SPN is deficient in transglycosidase activity toward NADP⁺ but is capable of hydrolysis. Shown are HPLC chromatograms of the reaction products obtained from incubation of 1 mm NAD(P)⁺ and 20 mm nicotinic acid with the various proteins indicated. The identities of the various peaks are noted at the top. Of note, the commercially available nicotinic acid contained low levels of nicotinic acid adenine dinucleotide phosphate (NAADP⁺). Data shown are from a single experiment representative of at least three independent experiments with identical results.

FIGURE 8.

SPN does not ADP-ribosylate proteins, but β-NAD⁺ glycohydrolase activity is required for cytotoxicity. A, presented is an autoradiogram of an SDS-PAGE analysis of the reactions conducted with the various proteins indicated or with no added protein (none), ³²P-β-NAD⁺, and either the presence (+) or absence (−) of a whole cell extract prepared from HeLa cells (Extract). JRS4 and HSC5 are recombinant SPN generated from naturally occurring β-NAD⁺ glycohydrolase-positive and -negative alleles, respectively.

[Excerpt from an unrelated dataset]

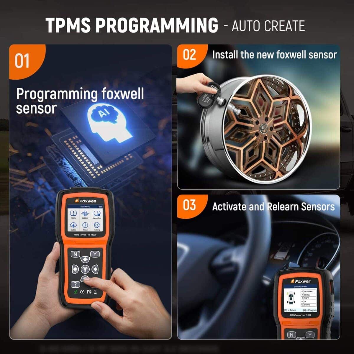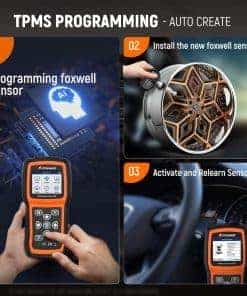 1. Herramienta TPMS 2023 más nueva + Asequible y fácil de usar FOXWELL T1000 es la herramienta TPMS de la nueva generación 2023 para activar sensores TPMS OEM/Universal, recuperar datos del sensor TPMS (ID del sensor, presión de los neumáticos, temperatura, estado de la batería y número de pieza OEM), programar el sensor FOXWELL T10 para reemplazar sensores defectuosos, proporcionar procedimiento de aprendizaje de relearn en la herramienta para autos y probar RF Remote Keyless Entry Key Fob. Ahorrará tiempo y dinero al evitar un viaje costoso al concesionario.

The migration of the protein molecular mass (kDa) standards is shown on the left while the migration of the ADP-ribosylated elongation factor-2 is indicated by the filled arrowhead on the right. The two open arrowheads show proteins ADP-ribosylated by an endogenous ADP-ribosyltransferase activity present in the HeLa whole cell extract. Data shown are from a single experiment representative of at least three independent experiments with identical results. B, shown is a Western blot analysis of whole cell extracts prepared from S. cerevisiae yeast expressing SPN that lacks β-NAD⁺ glycohydrolase activity (SPN[NADase⁻]) or the plasmid vector alone (vector). SPN is expressed from the pYES2 vector under a galactose-inducible promoter. Expression was assessed at the times indicated (in hours) following growth in the presence of 2% glucose (Glc) or 2% galactose (Gal). C, growth of the indicated strains in the presence of 2% galactose.